Девочки жили на одной из улиц по соседству с Челси-Гарденс: Лиззи, девяти лет, веснушчатая, с копной рыжих кудряшек, и десятилетняя Эмили, бледная и изможденная, со светлыми волосами, заплетенными в тощие косички. Я часто встречала их в скверике с целым выводком младших братишек и сестренок. Матери их, поденщицы, целыми днями работали. В одной семье было восемь детей, в другой — одиннадцать. Мальчики и девочки постарше уже ходили на работу. Мать Эмили, вдова с несколькими детьми, вышла было замуж за вдовца с тремя не то четырьмя ребятишками, но тот скоро ее бросил, оставив всех детей у нее на руках. Семьи обеих девочек ютились в тесных комнатах. Роберт-стрит была мрачной, грязной улицей самого отталкивающего вида.

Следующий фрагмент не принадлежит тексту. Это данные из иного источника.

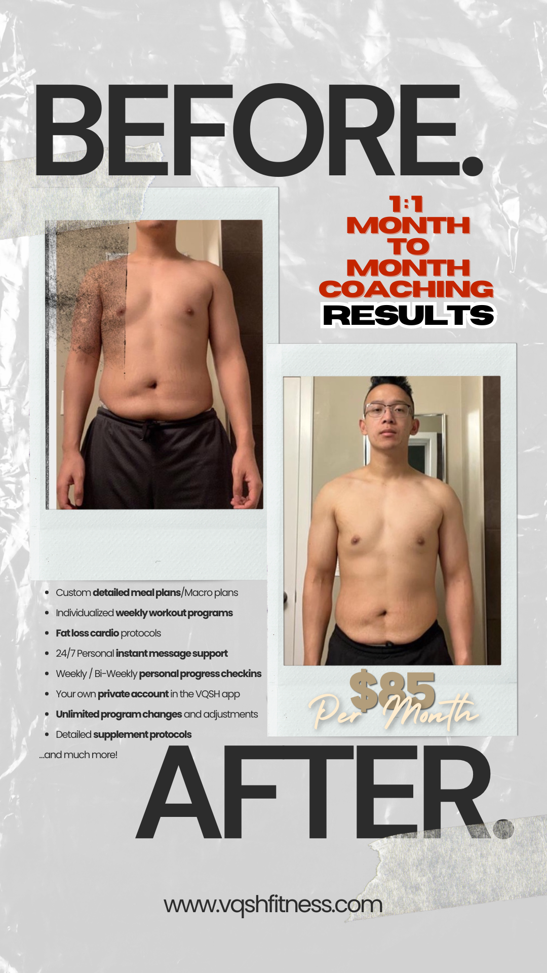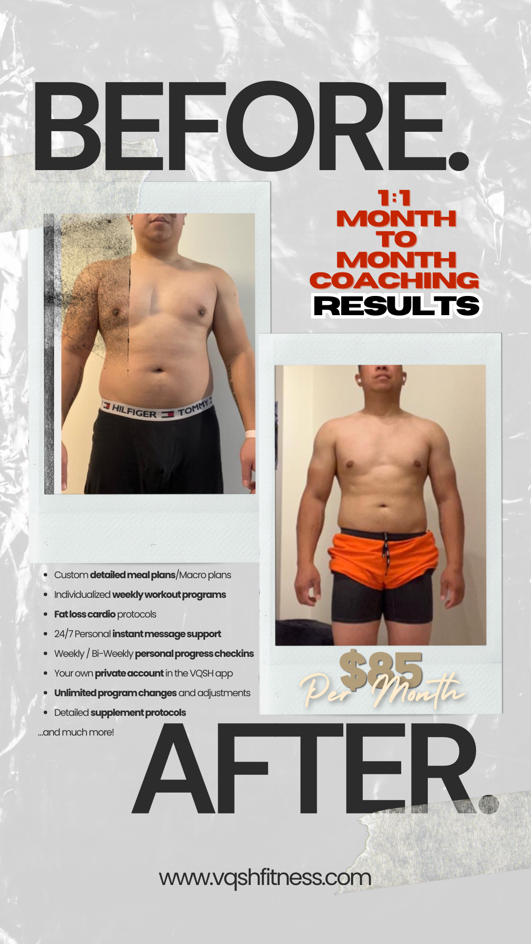 Are you tired of feeling lost in the gym or struggling with complicated diets? Do you believe that fitness coaching is beyond your budget, or that getting in shape means living on chicken and rice? It's time to rewrite the story of your fitness journey with VQSH Fitness, where we believe that health and wellness should be accessible, effective, and empowering for everyone.

— Чего бы вам хотелось, девочки? — спросила я Лиззи и Эмили. — Съездить за город или к морю, а может, пойти в зоопарк?

Они выбрали зоопарк. Вся улица была взбудоражена, снаряжая девочек достойным образом для выхода в свет. И какими забавно-трогательными в результате всего этого выглядели их фигурки! Плохонькие, линялые платьица, второпях перешитые из старой чужой одежды и для нарядности отделанные кусочками лент и кружев; на Лиззи была шляпа со взрослой женщины с торчащим «перушком». Впервые в жизни Лиззи надела шляпу; она то и дело сползала девочке на глаза, а на империале автобуса шляпу едва не унесло ветром. Эмили тоже кто-то из соседей одолжил шляпу.